Now what I’ve shown you in terms of the efficacy or—or positive effects has really just been PSA and we—we just analyzed our—our decade of experience with radio-immunotherapy and this is the overall—this was presented by one of my research fellows 2 weeks ago. However, I do believe that this does mean that we are doing good for some of our patients. I know that talking to patients in clinic, they—they feel better; their pain goes away.
One important note to make is that we—we know from preclinical studies that—that J591 has no direct expression on PSMA expression or secretion and in analyzing our decade of—of data, PSA declines are associated with the survival benefits when we compare those that have had PSA declines without PSA declines. Other efficacies that we’ve seen is CTC count changes; it will show you in the slide, and all of the patients that have had [inaudible] that we’ve seen responses in they all have PSA drops as well. This is a slide that shows just in the more recent era we’ve been looking at changes in CTC counts and this is a slide that illustrates some of those patients. This is a particular slide of a patient that prior to J591 had a rapidly rising PSA, pretty quick nodal growth, had a single dose of radio-immunotherapy, and then 12 weeks later had nice—nice imaging.
As we’d expect those that overall—those that got yttrium 90 had more radiographic responses than with lutetium 177 and I will get to that. So this again will—will speak to one of the questions that have been answered. All of the studies to date have been in metastatic castration-resistant prostate cancer, but what we’d really like to do is move into those with micro-metastatic disease. So what we’ve done is to move forward in a—in a DoD-sponsored study in castrate rising PSA. I’m going to skip forward a little bit as I’m talking about this.
As I mentioned, yttrium 90 has a fairly long pathway so it is good for a bulk of the disease but might have more toxicity whereas what we really want to go over is smaller disease with lutetium 177. And this is an example of micro-metastatic disease that happens to be there in a bone marrow biopsy; this is a disease that’s too small to be seen on any scans but might make PSA. We know that for those men who have a rising PSA after surgery we can give radiation therapy to a subset of them, and some of them are cured. However, unfortunately the majority of them their PSA eventually rises, and that’s because of micro-metastatic disease outside of the pelvis.

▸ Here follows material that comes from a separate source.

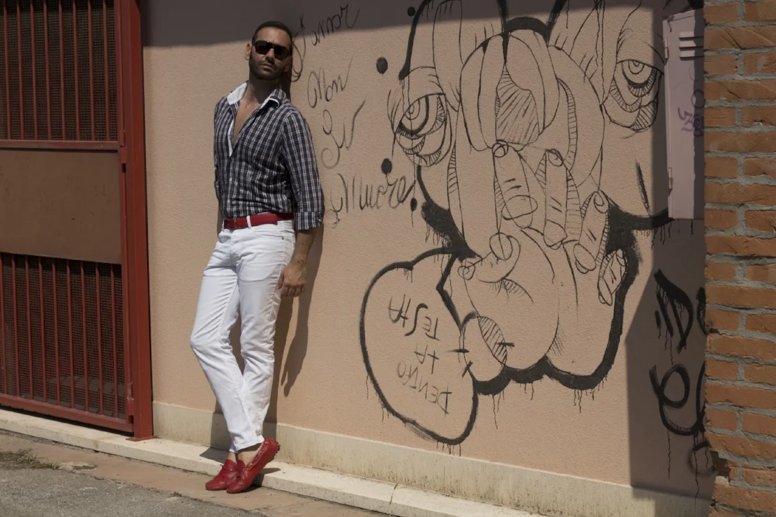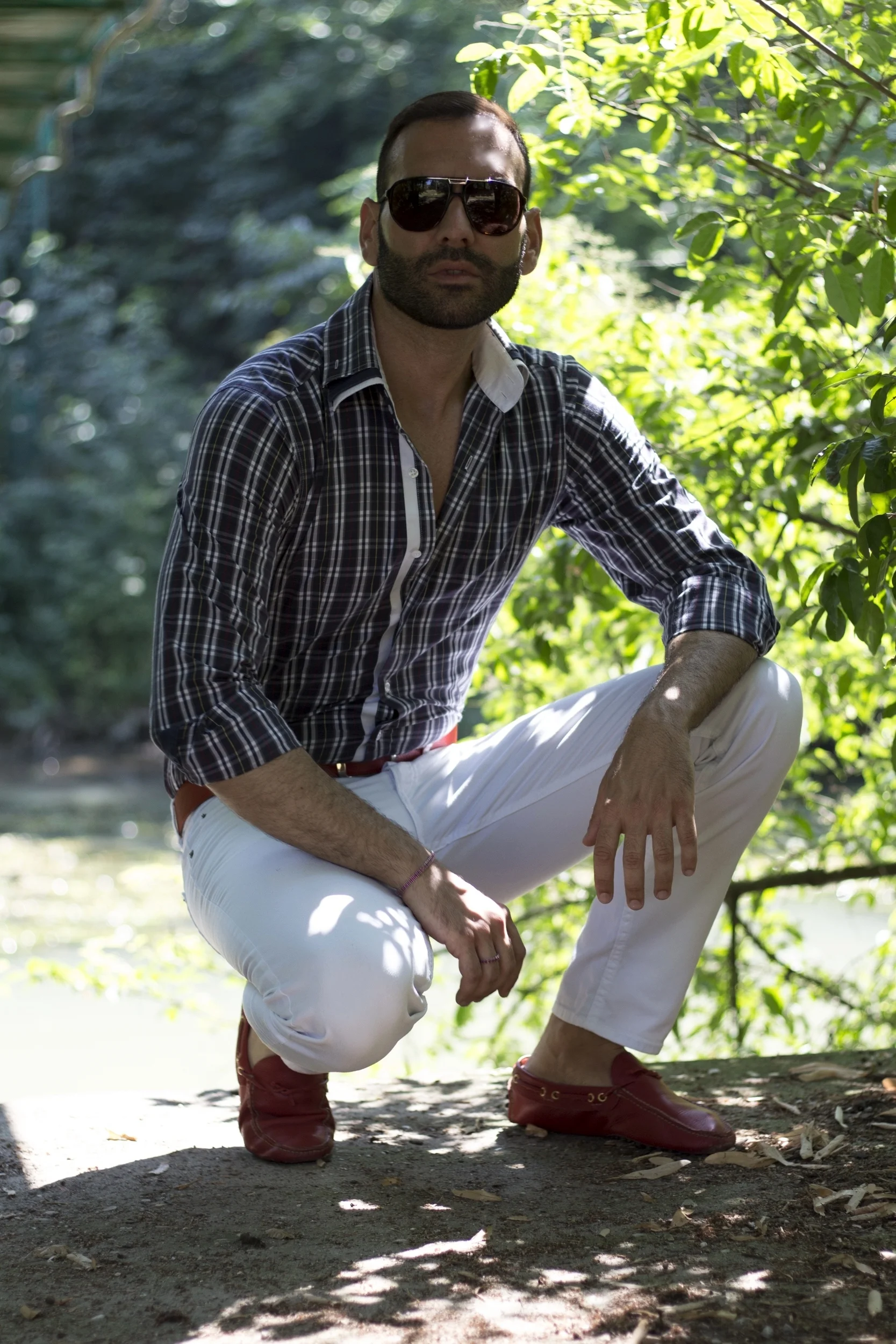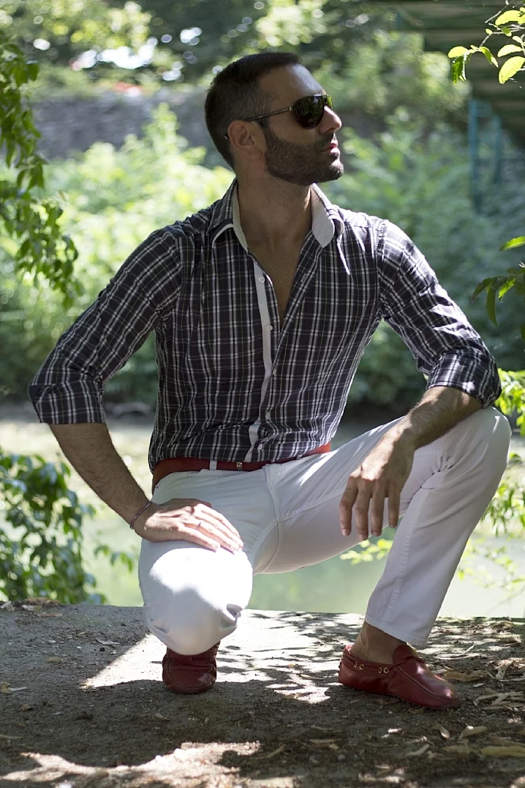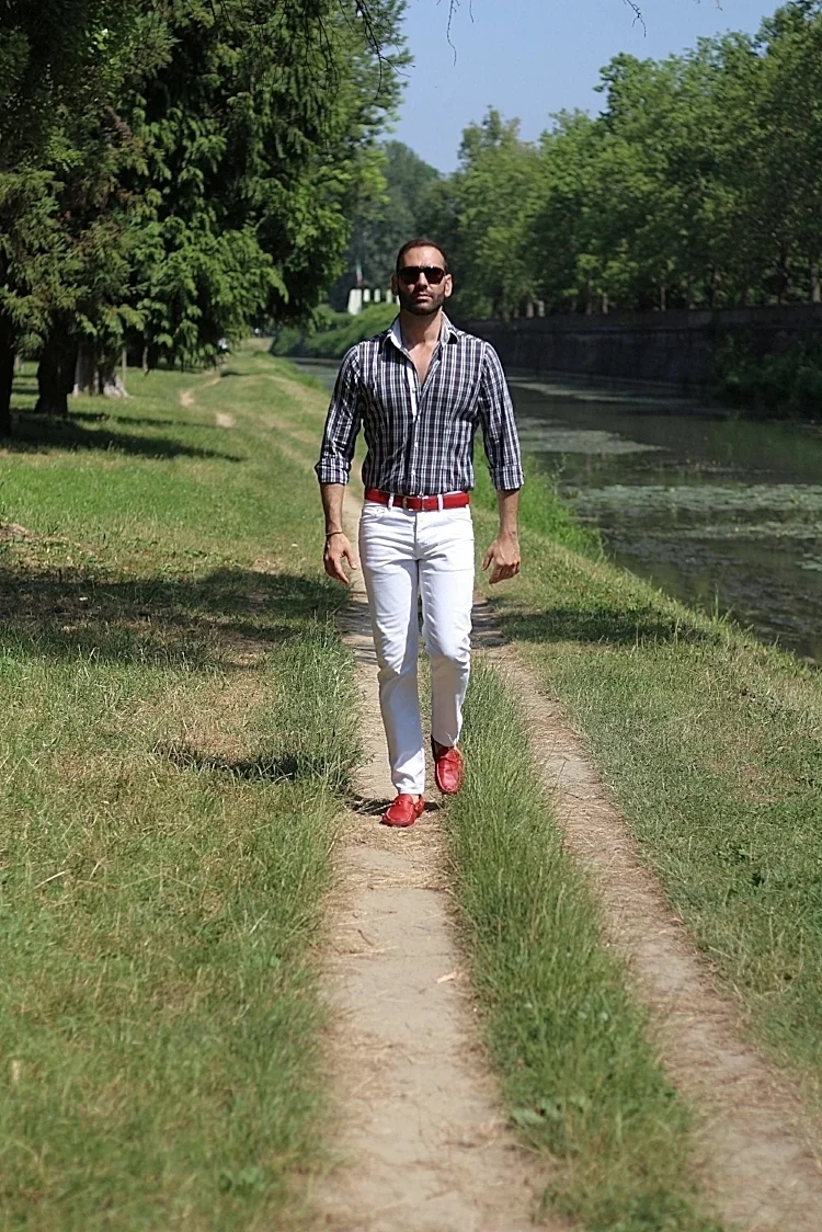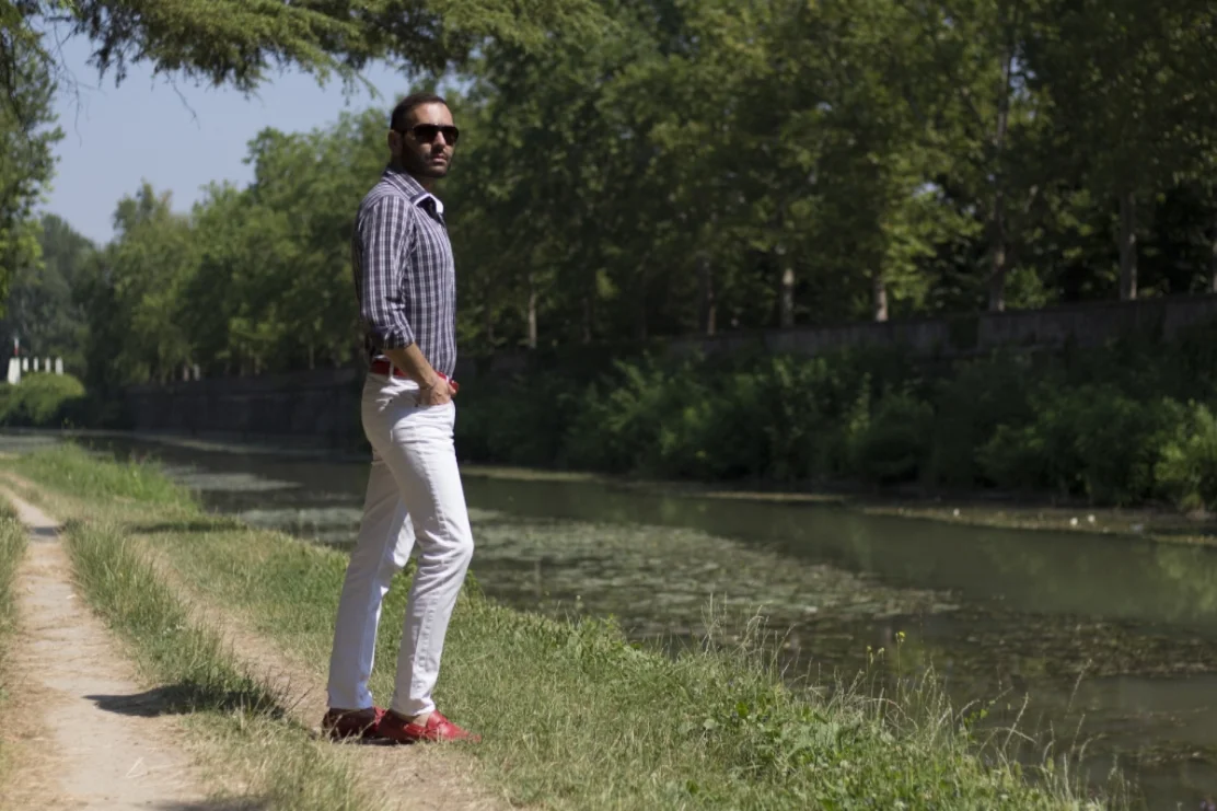 Occhiali: Dolce & Gabbana/ Camicia: Nara Camicie / Pantaloni: H&M / Cintura: No Logo / Mocassini: Car Shoe

So we’re taking this forward. We have a randomized trial in men with a rising PSA despite medical or surgical castration despite Lupron and men in a randomized trial 2 to 1 get radiolabeled J591 with lutetium 177 versus our control arm. And we’re looking to delay or prevent what we consider much more powerful than just PSA and that’s the onset of metastatic disease. We have a number of other secondary end points. This trial is open through limited size within the CTSA consortium and hopefully will open soon through the DoD consortium with the—the PI within the consortium, Mark [Styde].

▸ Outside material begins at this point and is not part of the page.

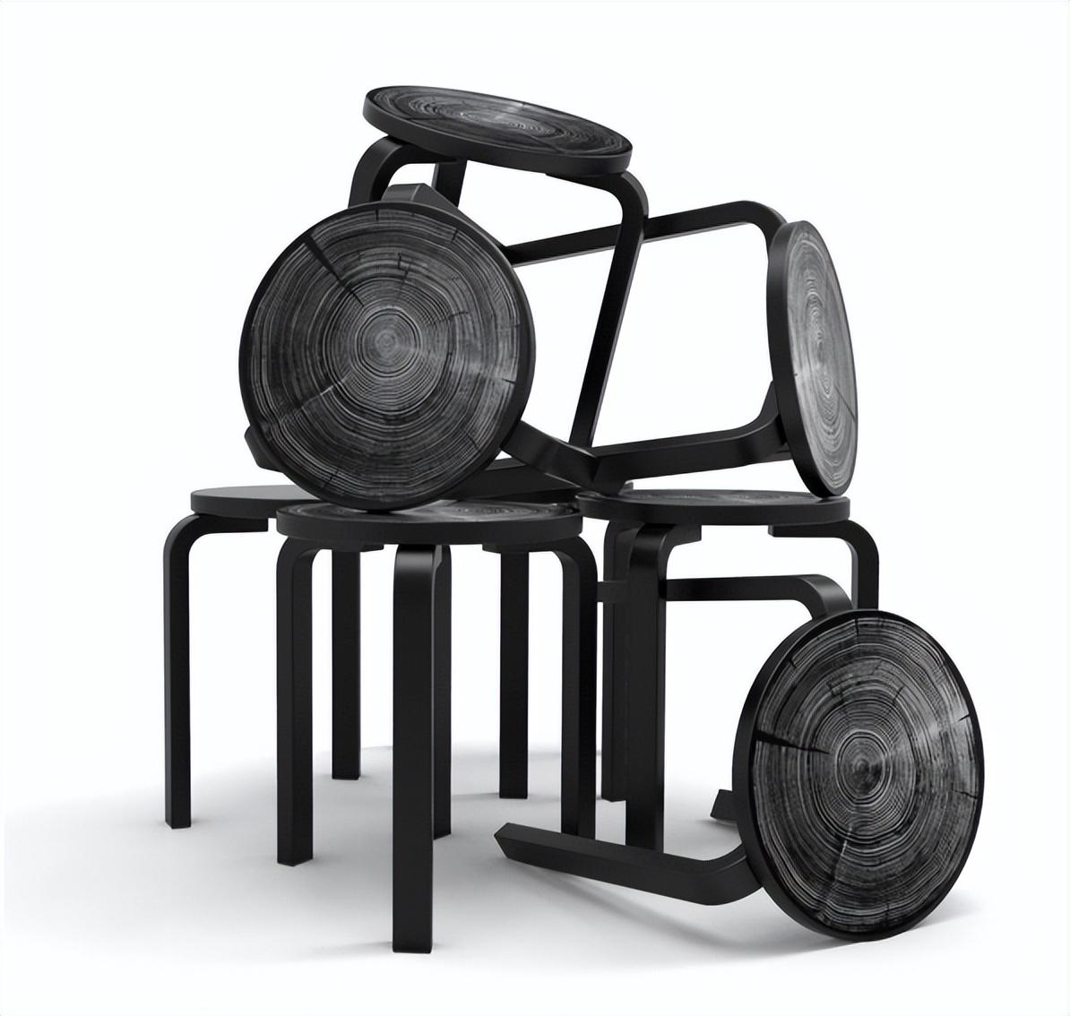 RINGS 2012即使是一棵树也有逐年缓慢生长的历史,留下一层层厚薄不一的年轮。RINGS椅子通过在椅面叠加复杂而有机的年轮图形,与大自然一起感受时间的沉重。

So in—in summary, over this decade, I would submit that we have demonstrated safety and efficacy with radiolabeled J591. We’re moving forward with biomarkers and improving the therapeutic profile but—but really this—this decade of work has—has led to what we hope is really the biggest bang for the—for the buck from—from the DoD and from other funding agencies that we’d like to be able to use this technology to prevent or at least delay metastatic disease. And I’d just like to—.